* _What the task requires_
For this exercise, please transcribe exactly and only the lines from the one containing "Молодой человек смотрит" through the end of the material, both ends included, without pictures.

* _Records_
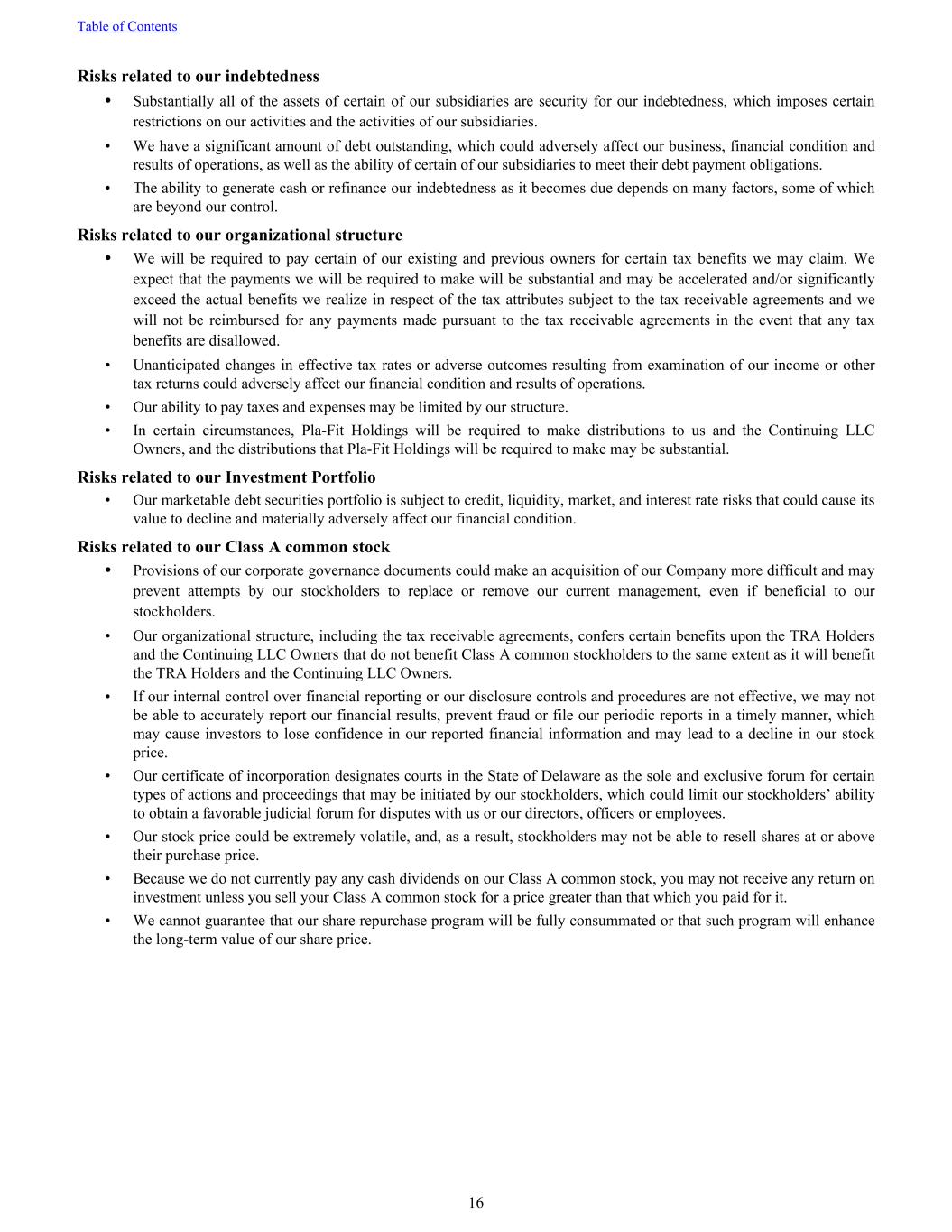 Risks related to our indebtedness • Substantially all of the assets of certain of our subsidiaries are security for our indebtedness, which imposes certain restrictions on our activities and the activities of our subsidiaries. • We have a significant amount of debt outstanding, which could adversely affect our business, financial condition and results of operations, as well as the ability of certain of our subsidiaries to meet their debt payment obligations. • The ability to generate cash or refinance our indebtedness as it becomes due depends on many factors, some of which are beyond our control. Risks related to our organizational structure • We will be required to pay certain of our existing and previous owners for certain tax benefits we may claim. We expect that the payments we will be required to make will be substantial and may be accelerated and/or significantly exceed the actual benefits we realize in respect of the tax attributes subject to the tax receivable agreements and we will not be reimbursed for any payments made pursuant to the tax receivable agreements in the event that any tax benefits are disallowed. • Unanticipated changes in effective tax rates or adverse outcomes resulting from examination of our income or other tax returns could adversely affect our financial condition and results of operations. • Our ability to pay taxes and expenses may be limited by our structure. • In certain circumstances, Pla-Fit Holdings will be required to make distributions to us and the Continuing LLC Owners, and the distributions that Pla-Fit Holdings will be required to make may be substantial. Risks related to our Investment Portfolio • Our marketable debt securities portfolio is subject to credit, liquidity, market, and interest rate risks that could cause its value to decline and materially adversely affect our financial condition. Risks related to our Class A common stock • Provisions of our corporate governance documents could make an acquisition of our Company more difficult and may prevent attempts by our stockholders to replace or remove our current management, even if beneficial to our stockholders. • Our organizational structure, including the tax receivable agreements, confers certain benefits upon the TRA Holders and the Continuing LLC Owners that do not benefit Class A common stockholders to the same extent as it will benefit the TRA Holders and the Continuing LLC Owners. • If our internal control over financial reporting or our disclosure controls and procedures are not effective, we may not be able to accurately report our financial results, prevent fraud or file our periodic reports in a timely manner, which may cause investors to lose confidence in our reported financial information and may lead to a decline in our stock price. • Our certificate of incorporation designates courts in the State of Delaware as the sole and exclusive forum for certain types of actions and proceedings that may be initiated by our stockholders, which could limit our stockholders’ ability to obtain a favorable judicial forum for disputes with us or our directors, officers or employees. • Our stock price could be extremely volatile, and, as a result, stockholders may not be able to resell shares at or above their purchase price. • Because we do not currently pay any cash dividends on our Class A common stock, you may not receive any return on investment unless you sell your Class A common stock for a price greater than that which you paid for it. • We cannot guarantee that our share repurchase program will be fully consummated or that such program will enhance the long-term value of our share price. Table of Contents 16
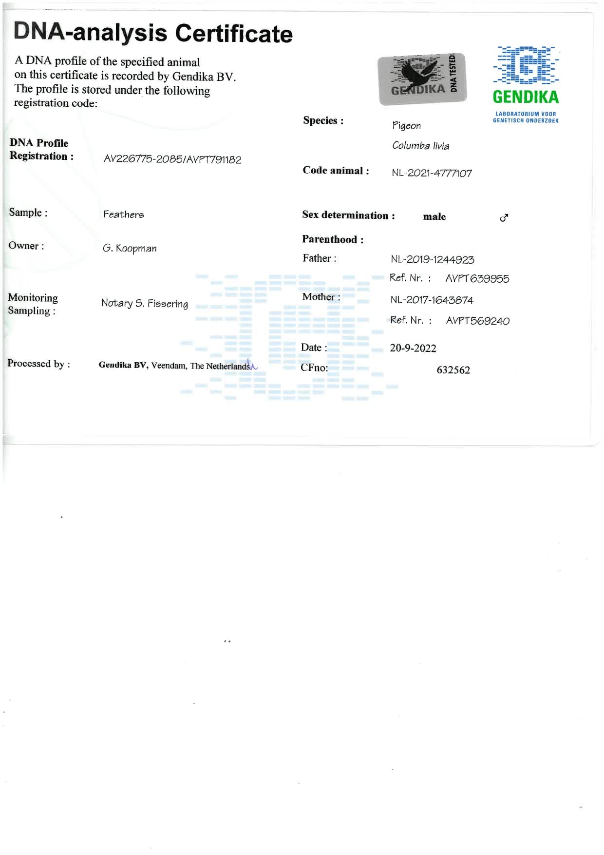 Born out basebreeder “Supercrack Rik” x his daughter “Manu” (1st NPO Chateauroux 3,647b. - fastest 19,192b.- 1st NPO Bourges
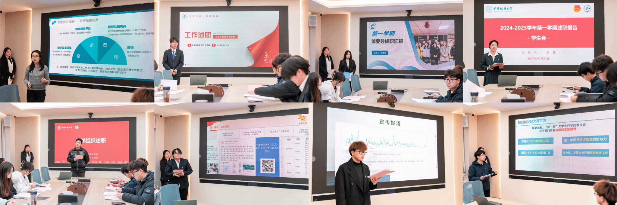 会议举行述职评优。团委直属部门、学生会、研究生会、“红星”青年志愿者协会、融跳高高电子媒体
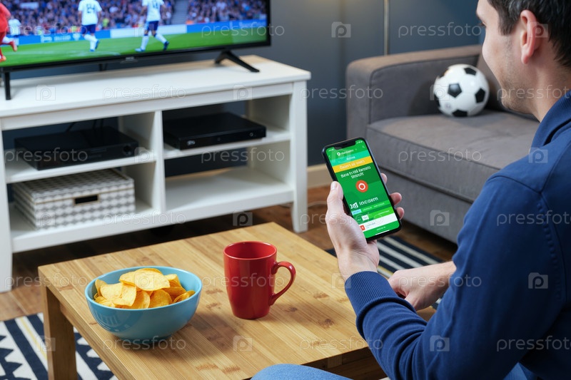 Молодой человек смотрит телевизор, используя смартфон для ставок на спорт
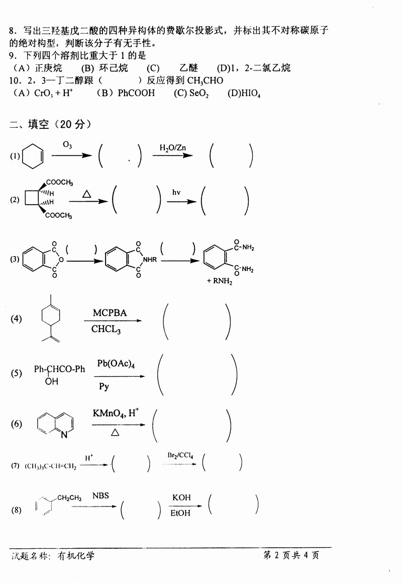 专业课半岛在线注册经验 本站小编 FreeKaoyan 2018-01-22中国科学技术大学2000年半岛在线注册真题-有机化学
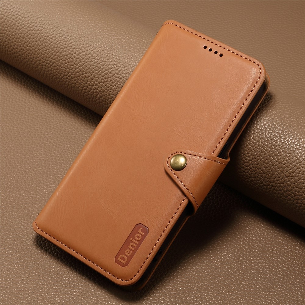• DENIOR For iPhone XR Case PU Leather Cowhide Texture Wallet Protective Phone Cover - Brown
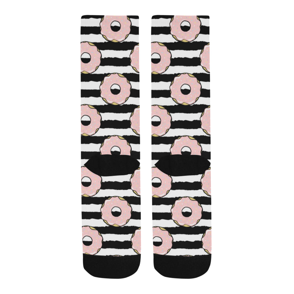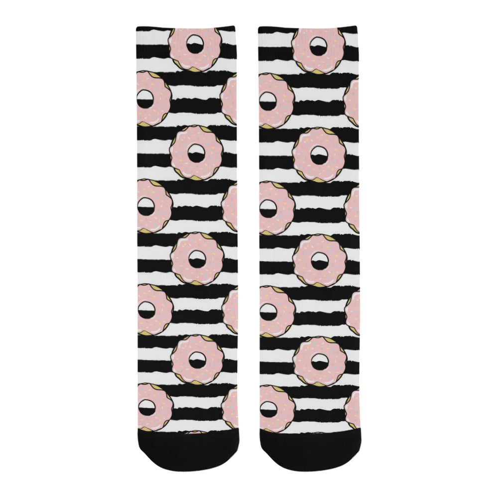 Donuts pink icing striped pattern Crew Socks are uniqued design and limited item. It made to order, hand printed, and sewn with love in our factory.

* _Written reply_
 Молодой человек смотрит телевизор, используя смартфон для ставок на спорт
 专业课半岛在线注册经验 本站小编 FreeKaoyan 2018-01-22中国科学技术大学2000年半岛在线注册真题-有机化学
• DENIOR For iPhone XR Case PU Leather Cowhide Texture Wallet Protective Phone Cover - Brown
 Donuts pink icing striped pattern Crew Socks are uniqued design and limited item. It made to order, hand printed, and sewn with love in our factory.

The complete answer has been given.